Creating a Village

By Jenni Pertuset, parent consultant, API Leader in Seattle, Washington USA, http://apiseattle.org

The life of a parent can feel very isolated. Warm relationships with caring adults can sustain us when we’re struggling and help our children feel at ease when they’re away from home. So, how do we build the village we need to raise our children?

What is a Village?

My working definition of a “village” is that it is a connected community of caring adults who support us in nurturing our relationships with our children. A village isn’t just a set of friends. It is those friends, neighbors, extended family members, and acquaintances who, whether it’s intentional or even knowing, help deliver us as a parents to our children. We are of course not just recipients of support, but full participants, offering our caring and support to others.

Principles

Building a village requires effort and persistence. It is rare to stumble into a ready-made community where you are and feel immediately welcome. Even in inclusive and inviting organizations, it takes reaching out, showing up frequently, extending invitations repeatedly, and having patience.

It also requires vulnerability. This is apparent in the effort itself — extending ourselves and making invitations that may not be accepted can be challenging. And the challenge doesn’t end once we’ve established relationships, either. Opening our homes and our lives to other people also opens our heart to hurts, but we can hardly find genuine relationships without that willingness.

Building a strong village also requires accepting differences. While we’re all looking for people who share our values or who are otherwise like us, true community allows for diversity, where our connection is deeper than our similarities. (Although there is of course a point at which we will not sacrifice our values for the sake of connection.)

Village-Building Tools

A village is built one relationship at a time. Three major attachment rituals described by author and renowned developmental psychologist Dr. Gordon Neufeld are instrumental in establishing and maintaining all relationships. These are:

  1. Collecting — a greeting ritual that extends throughout our interactions, not just the opening, in which we establish a meaningful contact by getting in another person’s space in a friendly way, meeting their eyes, and engaging their smile.
  2. Bridging — the goodbye ritual that is meaningful beyond the moment when we physically part. It sustains us through felt separations even when we’re together, including feeling that we’re unimportant or unseen or different from those with whom we’re in relationship. By bridging, we focus not on the separation but on the return and the ongoing relationship.
  3. Matchmaking — the introduction ritual. Here too, it is an ongoing interaction, and doesn’t end after the first encounter. The intention of matchmaking is to foster a working relationship through an existing attachment. We help endear two people to each other, making it easy for them to like each other.

Being aware of these tools and our use of them can improve our relationships and expand our villages. For example, matchmaking a student and her teacher can bring another caring adult alongside a child to support her to thrive in the classroom and beyond.

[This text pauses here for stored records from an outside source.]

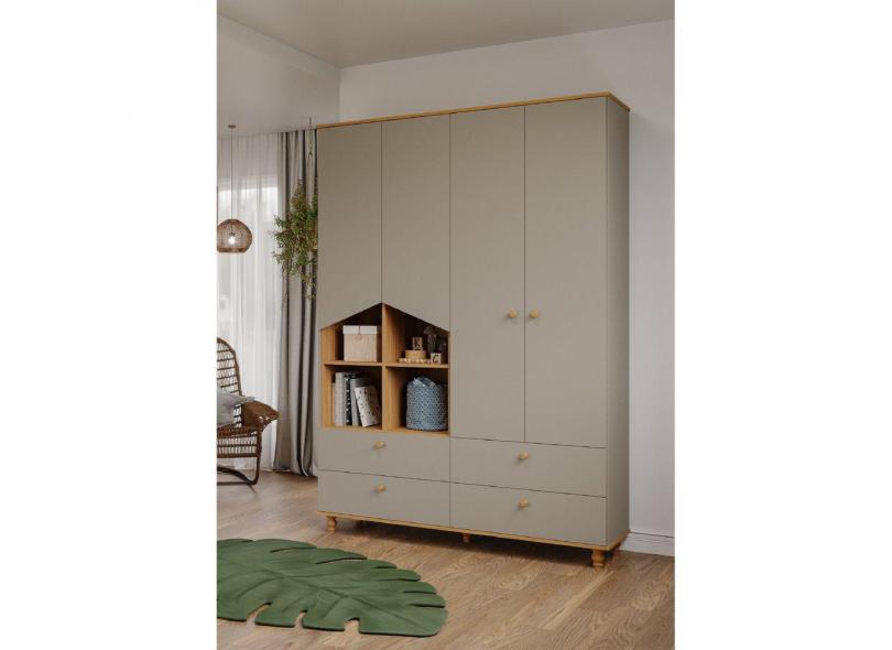 Guarda Roupa de Bebê 4 Portas e 4 Gavetas Bala de Goma Espresso Móveis Cinza/Nature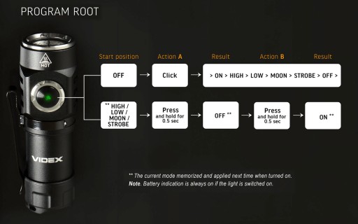 - aby włączyć latarkę, użytkownik powinien krótko nacisnąć przycisk. Kolejne krótkie naciśnięcia przycisku umożliwiają zmianę trybów światła (HIGH, LOW, STROBE)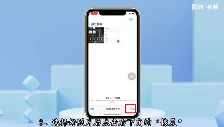 3.选择要恢复的照片,点击下面的“恢复”;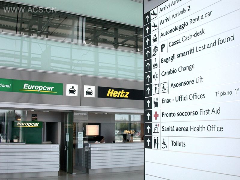 安科纳·法尔科纳拉机场曾有着量身定制的系列引导标识,即协调的图标、字母,它们作为国际语言通用,出现在所有机场制作的匾额、指示牌、面板等书面信息中。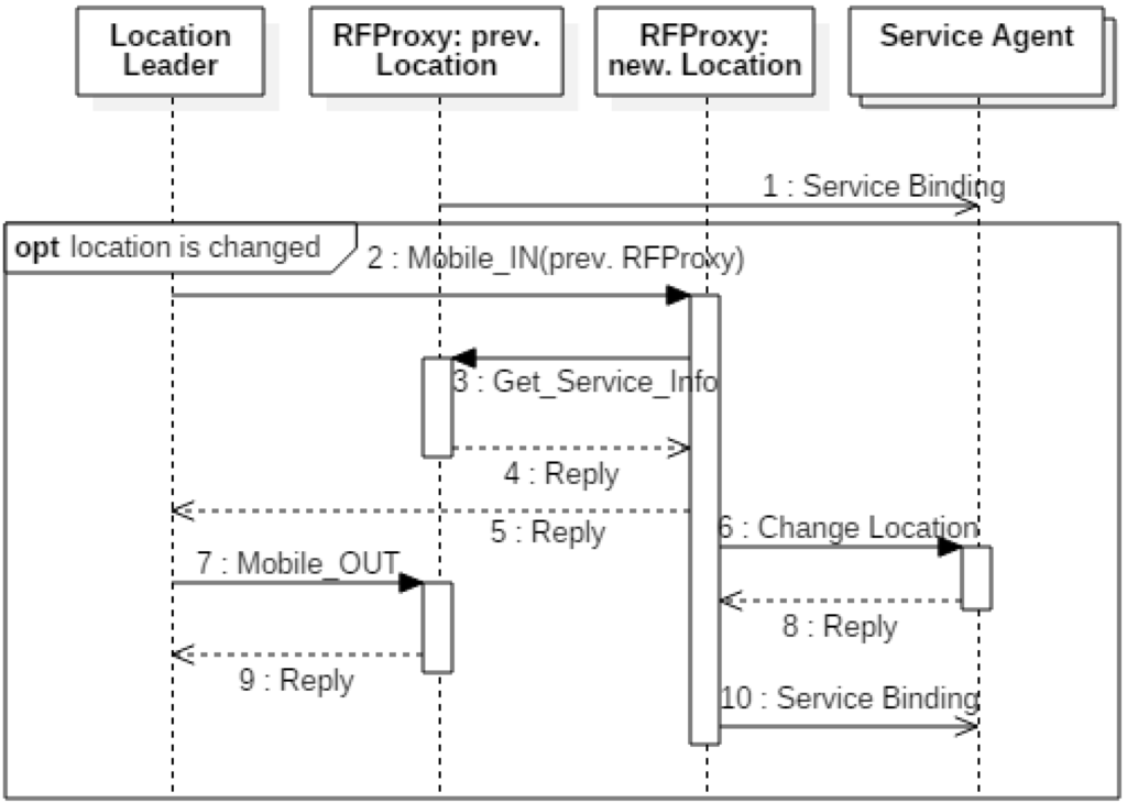 Figure 6 is a sequence diagram showing how the service agent and mobile node reconnect when the mobile node changes location. First, the mobile node binds with various service agents in its previous location. Here, “bind” refers to the path for asynchronous message delivery, not the connection binding for synchronous messaging. When the mobile node moves to the new location, the location leader informs the new RFProxy of the movement of the mobile node, with information on the previous RFProxy (2). The new RFProxy receives the service information associated with the mobile node from the previous RFProxy (3, 4), and requests a re-binding to the service agents (6, 8). Now, the service agents and the mobile node can communicate through the RFProxy (10). By running this process as a mobile node changes its location, the proposed system allows the service agents and mobile node to communicate without a central server to relay the connection.

Following are suggestions for building a village, offered as inspiration, not prescription; the best actions will always be those guided by your own objectives and your own consideration of how to meet them:

  • Pick a recurring event in an established parenting community and attend regularly.
  • Include caring adults from outside your nuclear family in rituals, traditions, and celebrations such as holidays, birthdays, or regular meals.
  • Create or participate in events that allow long stretches of relaxed time together, such as camping trips.
  • Play outside your house, increasing your opportunities for encountering neighbors.
  • Take dog walks, even if you don’t have a dog. Take treats for your kids to give the dogs (check with the owner first) to meet the dogs and owners in your neighborhood.
  • Participate in or start a neighborhood online discussion list and use it to create opportunities for meeting in person.
  • Frequent your neighborhood farmers market.
  • Attend or organize your neighborhood’s annual Night Out Against Crime.
  • Open your house, or just your yard, to your neighbors. Some families host Flamingo Fridays, a weekly gathering of neighbors signaled by plastic flamingo on the lawn. A few willing families could circulate host duties.
  • Ask for help. People respond when families are in need. This is especially apparent in a crisis, but also true for less urgent needs.Although we may be reluctant to ask for fear of burdening others, we sometimes forget that it feels good to be able to give support.
  • Offer help when you recognize a need.

Recommended Reading

Hold on to Your Kids by Gordon Neufeld

All Kids Are Our Kids by Peter Benson

Stopping at Every Lemonade Stand by James Vollbracht

Connect 5 by Kathleen Kimball-Baker

3 thoughts on “Creating a Village”

  1. Young people often look to the famous and successful for their role models. This can be inspiring, but also disheartening and seem unattainable. Young people are hungry for contact with people whom they admire, who excite and inspire them. These qualities can be found in their real relationships with the ordinary women and men who surround them.

    Life with children can easily circulate around their timetable and their socialising but a child’s life that includes meaningful relationships with other adults is a rich one.

    It takes a village to raise a child.

    I love your practical guide on how to go about creating that village.